- [REQUIRED WORK] What should be copied is the stretch of entries below from the line with "4. Massage rung" up to and including the line with "六沙村党委书记、退役军人黄伟斌作为村(社区)代表作国防动员和拥军优属工作介绍。", exactly and without images.

- [MATERIAL PROVIDED]

■ ■ ■ ■ ■

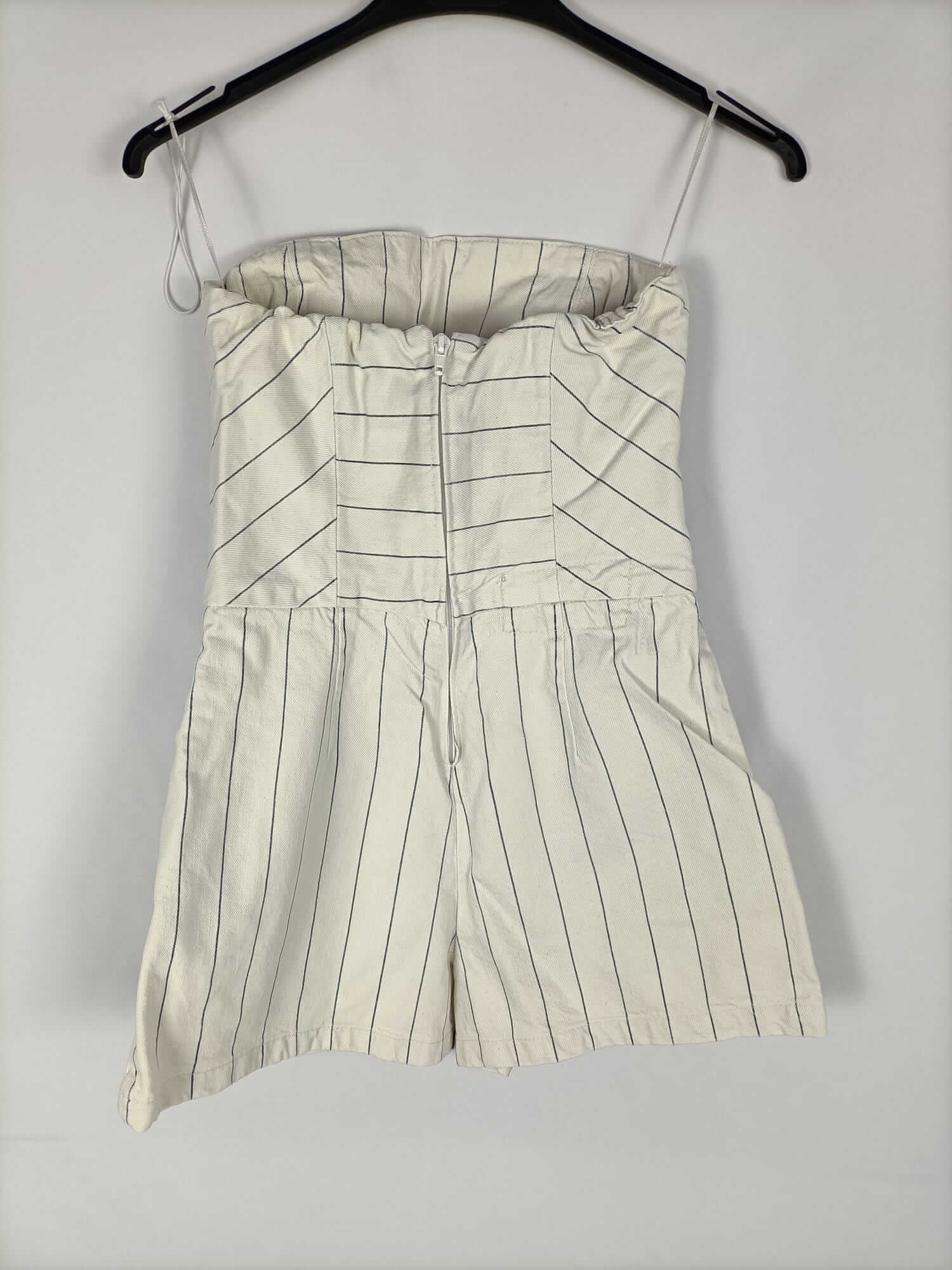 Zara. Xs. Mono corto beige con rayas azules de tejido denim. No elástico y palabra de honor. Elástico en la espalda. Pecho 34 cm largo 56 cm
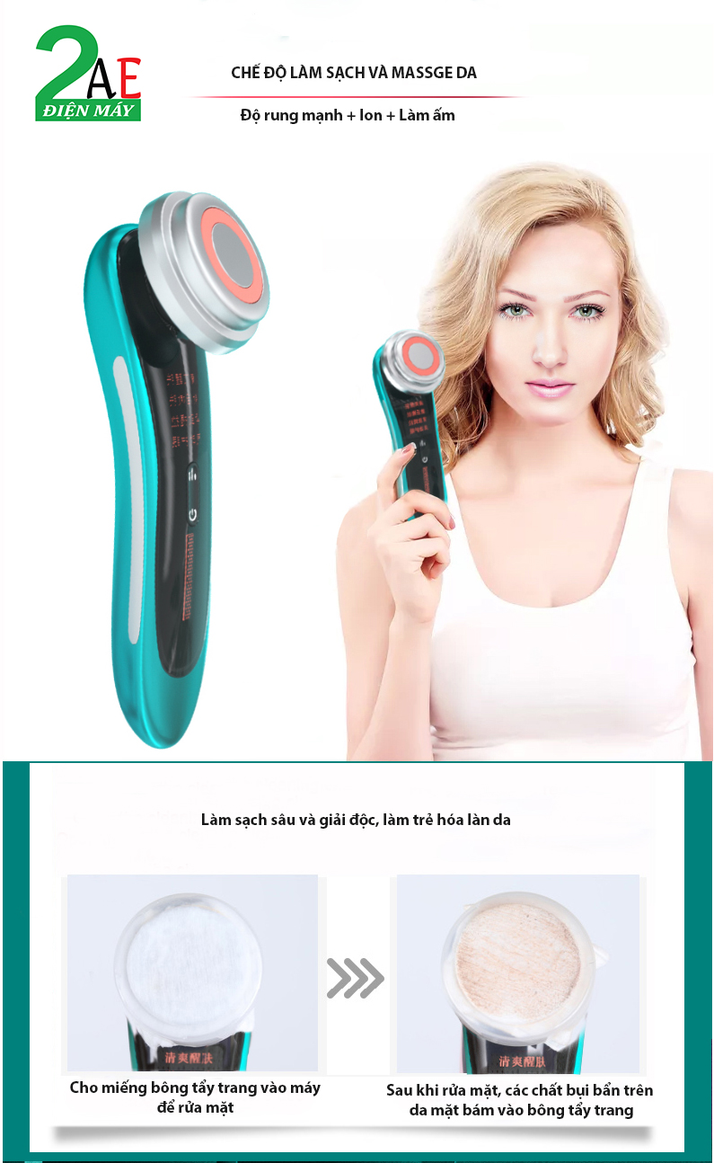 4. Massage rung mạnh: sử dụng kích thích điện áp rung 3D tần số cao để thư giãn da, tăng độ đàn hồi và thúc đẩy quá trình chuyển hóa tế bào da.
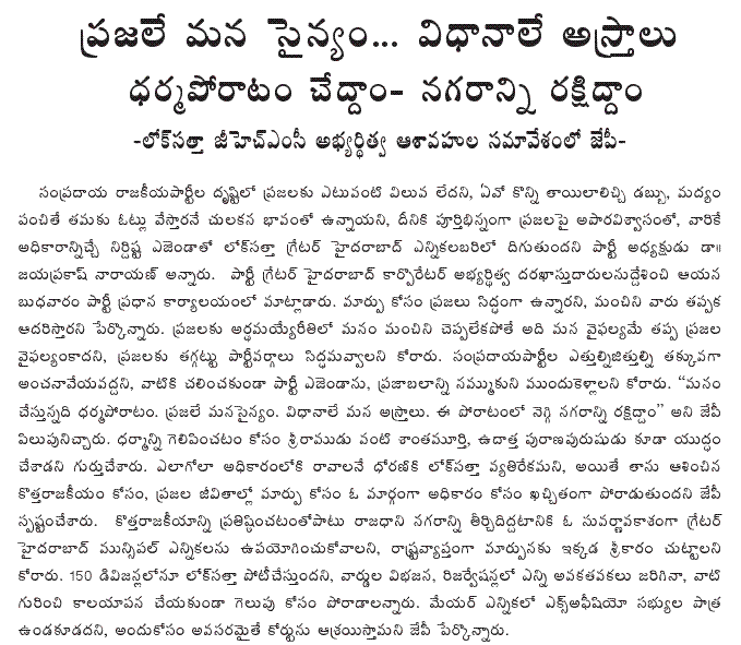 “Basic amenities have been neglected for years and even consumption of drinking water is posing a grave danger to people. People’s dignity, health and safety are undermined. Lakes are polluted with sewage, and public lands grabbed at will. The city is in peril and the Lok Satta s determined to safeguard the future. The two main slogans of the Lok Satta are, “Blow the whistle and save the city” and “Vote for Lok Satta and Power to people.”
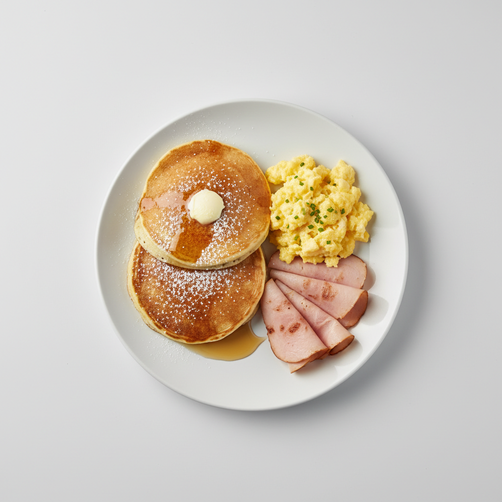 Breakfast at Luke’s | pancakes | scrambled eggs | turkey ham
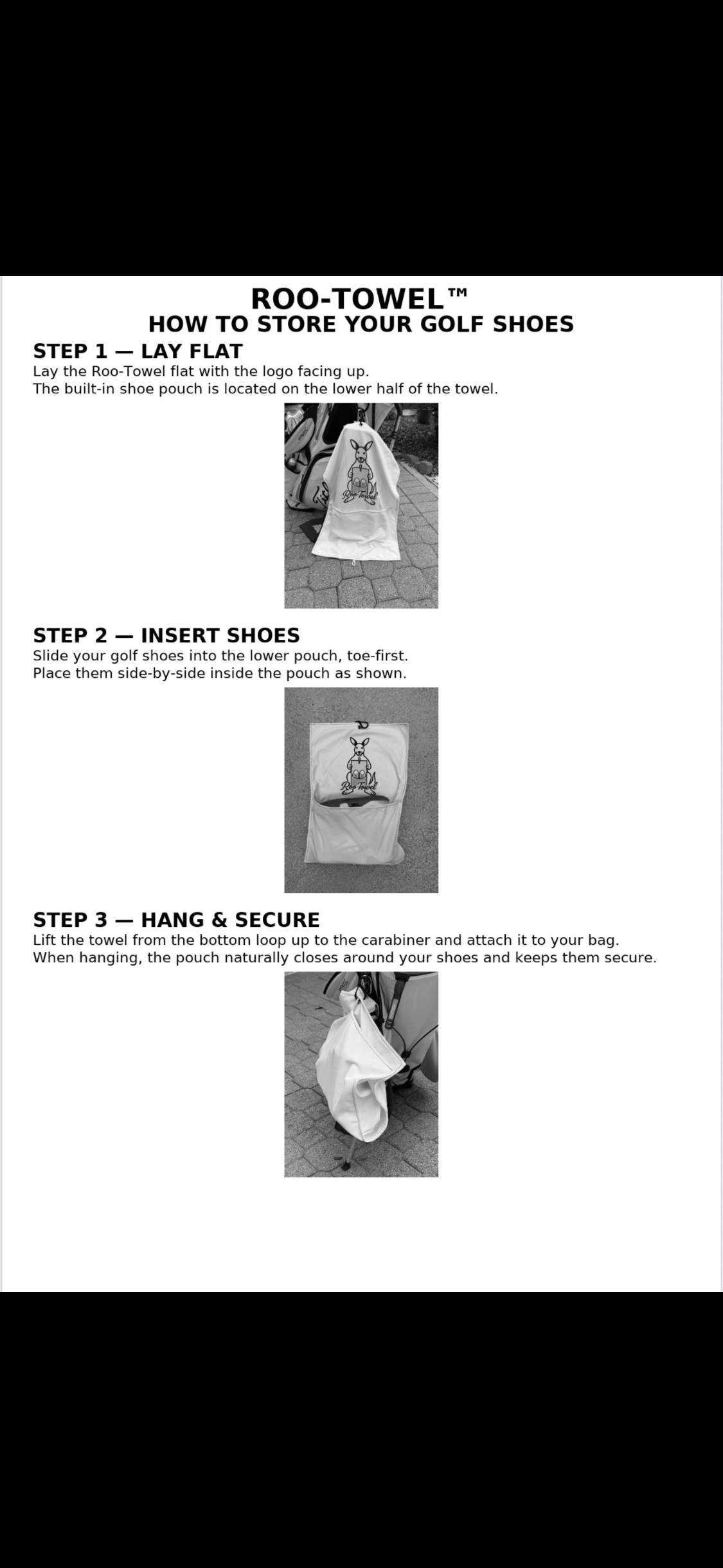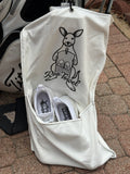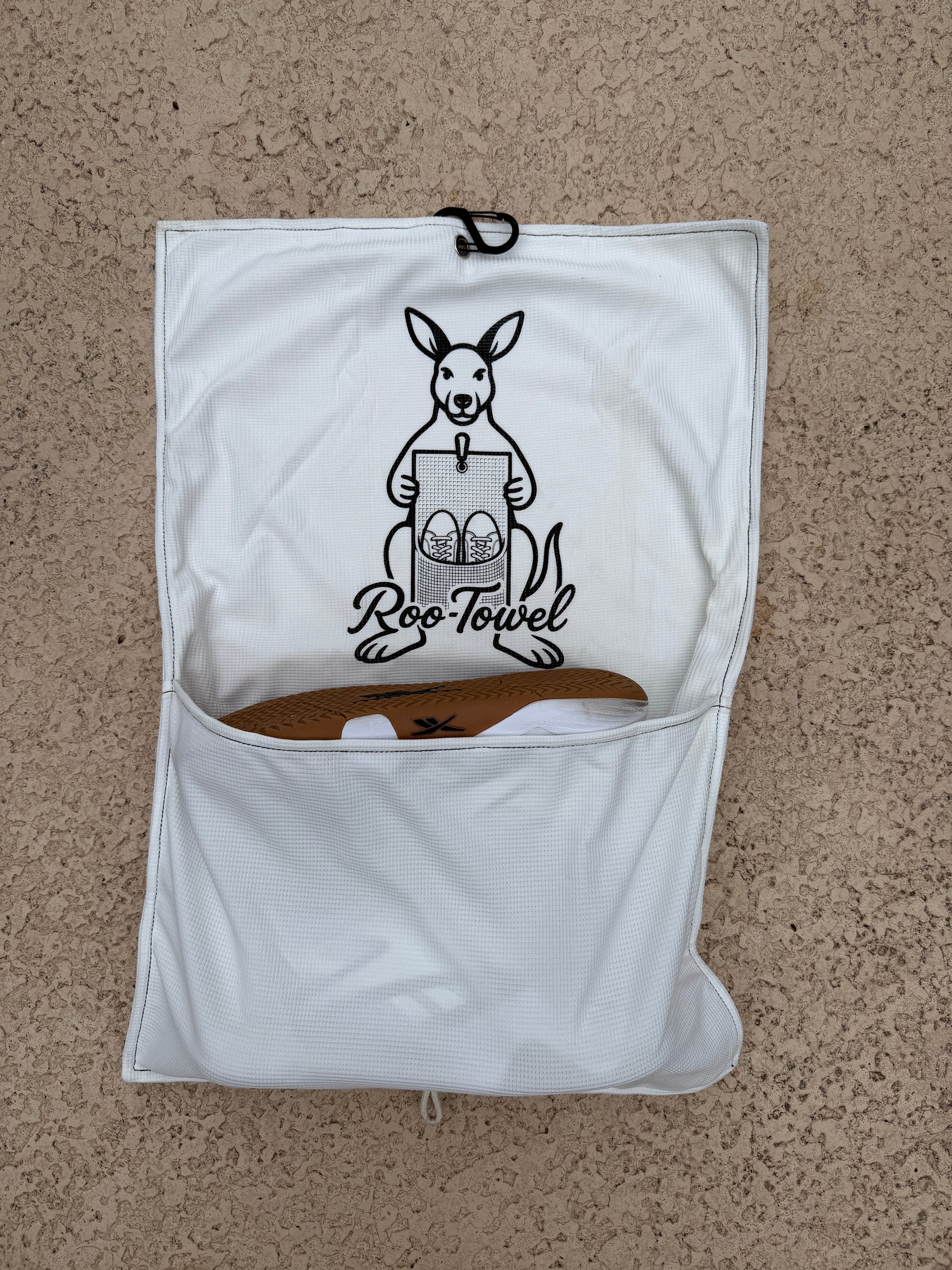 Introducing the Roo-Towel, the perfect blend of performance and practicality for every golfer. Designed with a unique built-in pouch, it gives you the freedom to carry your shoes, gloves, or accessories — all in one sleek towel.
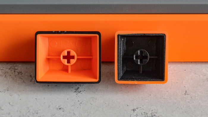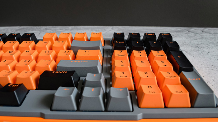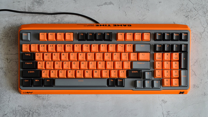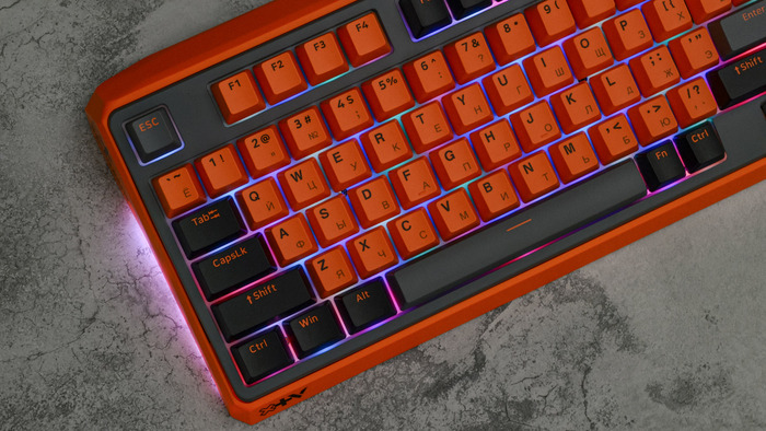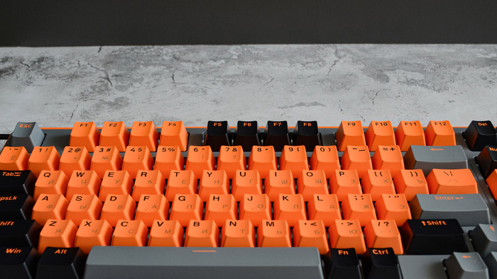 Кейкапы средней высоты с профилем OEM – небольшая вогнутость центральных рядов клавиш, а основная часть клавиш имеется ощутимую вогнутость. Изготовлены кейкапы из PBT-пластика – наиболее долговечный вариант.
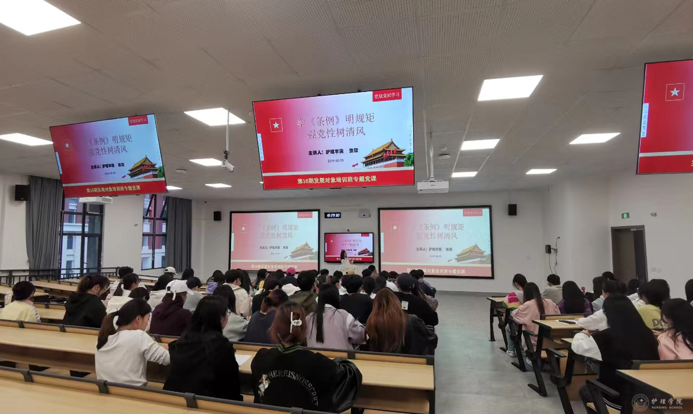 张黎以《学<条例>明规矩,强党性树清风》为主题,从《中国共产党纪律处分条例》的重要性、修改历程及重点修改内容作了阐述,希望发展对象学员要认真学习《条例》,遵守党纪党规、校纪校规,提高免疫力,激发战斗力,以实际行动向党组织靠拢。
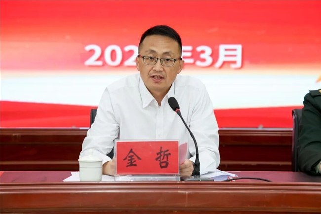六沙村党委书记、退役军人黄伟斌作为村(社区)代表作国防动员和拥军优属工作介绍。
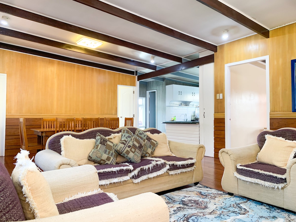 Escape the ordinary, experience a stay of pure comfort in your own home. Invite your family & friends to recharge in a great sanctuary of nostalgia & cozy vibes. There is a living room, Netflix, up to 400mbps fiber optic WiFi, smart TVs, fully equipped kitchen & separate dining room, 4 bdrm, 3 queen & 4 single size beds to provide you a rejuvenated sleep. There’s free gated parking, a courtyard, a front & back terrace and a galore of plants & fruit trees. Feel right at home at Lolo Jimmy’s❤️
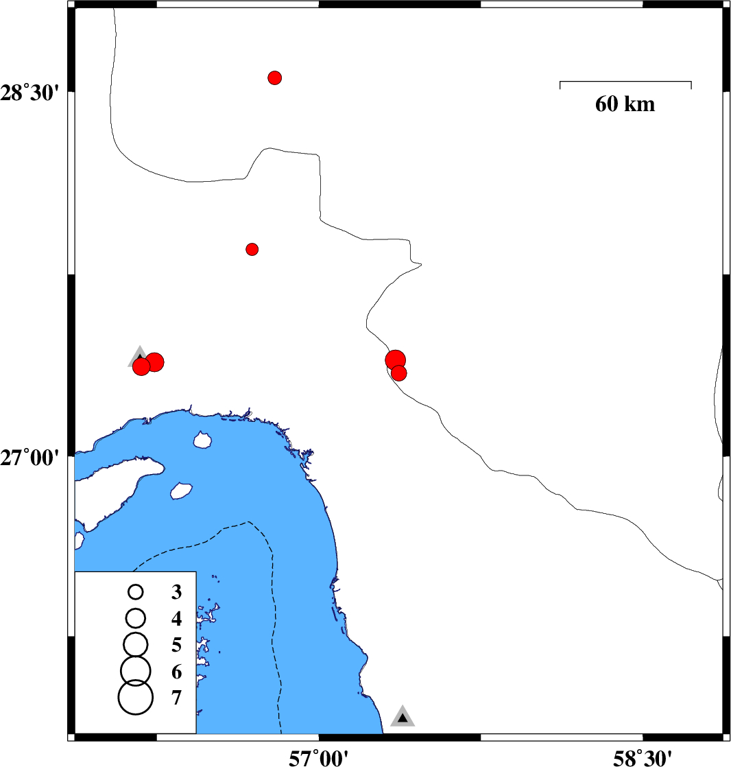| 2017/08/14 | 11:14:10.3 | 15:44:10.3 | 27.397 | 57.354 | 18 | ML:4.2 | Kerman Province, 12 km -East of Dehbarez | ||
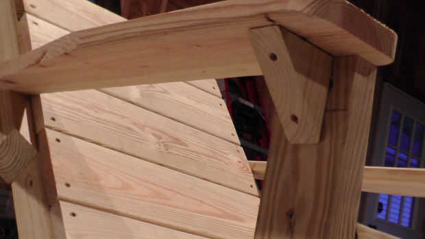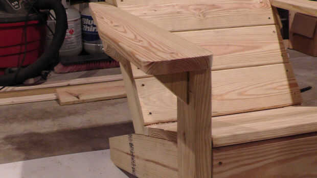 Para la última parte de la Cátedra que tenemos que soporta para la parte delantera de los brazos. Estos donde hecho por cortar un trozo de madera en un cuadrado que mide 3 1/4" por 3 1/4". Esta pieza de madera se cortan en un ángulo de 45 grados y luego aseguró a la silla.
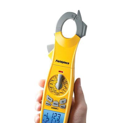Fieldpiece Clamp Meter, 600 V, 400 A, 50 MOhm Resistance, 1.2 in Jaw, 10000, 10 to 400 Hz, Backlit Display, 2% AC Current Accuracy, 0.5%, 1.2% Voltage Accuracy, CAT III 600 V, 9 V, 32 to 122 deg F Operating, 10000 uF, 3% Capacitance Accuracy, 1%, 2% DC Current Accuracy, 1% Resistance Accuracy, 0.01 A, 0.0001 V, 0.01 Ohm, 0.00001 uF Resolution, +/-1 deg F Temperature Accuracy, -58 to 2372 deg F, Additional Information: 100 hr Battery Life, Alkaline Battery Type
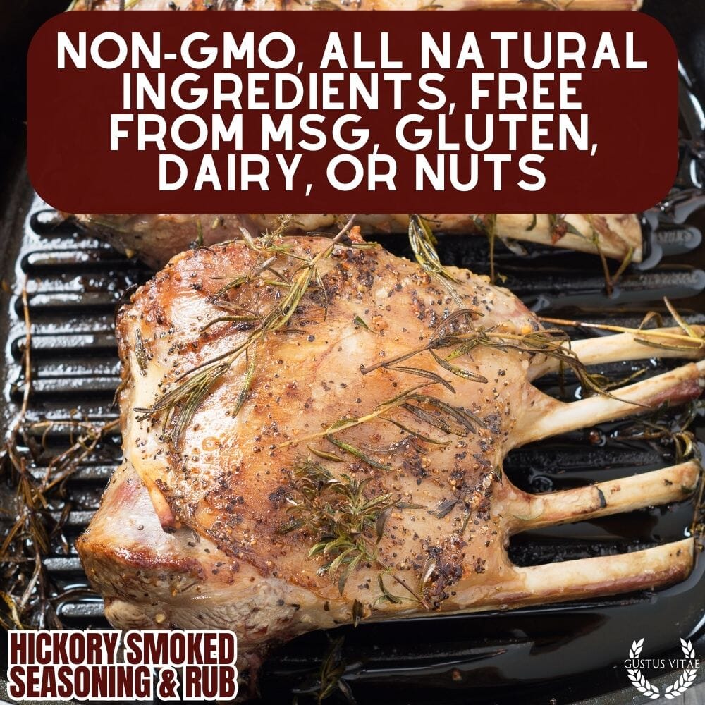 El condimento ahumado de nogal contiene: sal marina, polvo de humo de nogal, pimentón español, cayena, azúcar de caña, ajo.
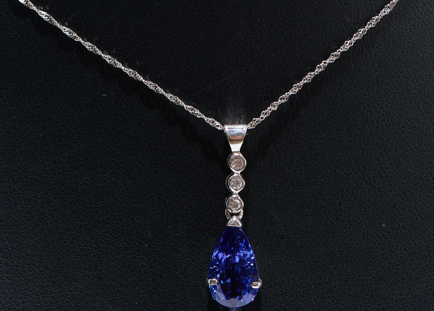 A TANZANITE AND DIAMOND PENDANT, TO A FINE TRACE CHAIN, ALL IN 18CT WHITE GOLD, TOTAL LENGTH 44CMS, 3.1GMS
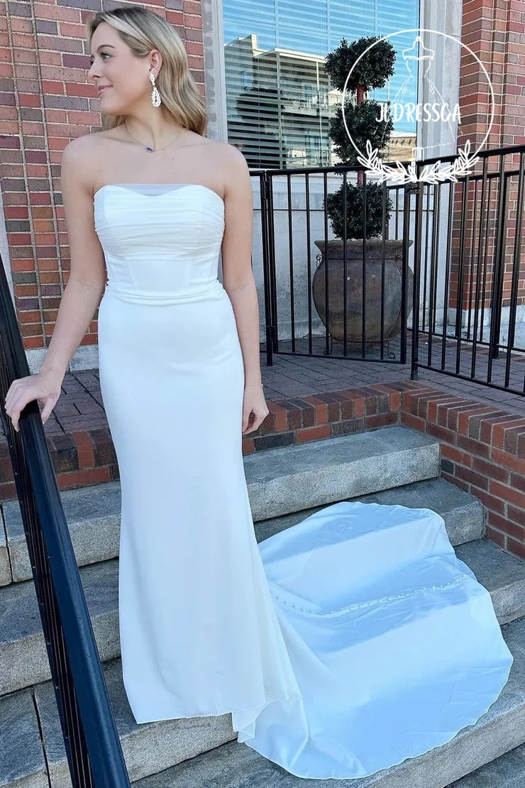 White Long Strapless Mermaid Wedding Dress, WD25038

■ ■ ■ ■ ■

- [TASK RESPONSE]
 4. Massage rung mạnh: sử dụng kích thích điện áp rung 3D tần số cao để thư giãn da, tăng độ đàn hồi và thúc đẩy quá trình chuyển hóa tế bào da.
 “Basic amenities have been neglected for years and even consumption of drinking water is posing a grave danger to people. People’s dignity, health and safety are undermined. Lakes are polluted with sewage, and public lands grabbed at will. The city is in peril and the Lok Satta s determined to safeguard the future. The two main slogans of the Lok Satta are, “Blow the whistle and save the city” and “Vote for Lok Satta and Power to people.”
 Breakfast at Luke’s | pancakes | scrambled eggs | turkey ham
 Introducing the Roo-Towel, the perfect blend of performance and practicality for every golfer. Designed with a unique built-in pouch, it gives you the freedom to carry your shoes, gloves, or accessories — all in one sleek towel.
 Кейкапы средней высоты с профилем OEM – небольшая вогнутость центральных рядов клавиш, а основная часть клавиш имеется ощутимую вогнутость. Изготовлены кейкапы из PBT-пластика – наиболее долговечный вариант.
 张黎以《学<条例>明规矩,强党性树清风》为主题,从《中国共产党纪律处分条例》的重要性、修改历程及重点修改内容作了阐述,希望发展对象学员要认真学习《条例》,遵守党纪党规、校纪校规,提高免疫力,激发战斗力,以实际行动向党组织靠拢。
六沙村党委书记、退役军人黄伟斌作为村(社区)代表作国防动员和拥军优属工作介绍。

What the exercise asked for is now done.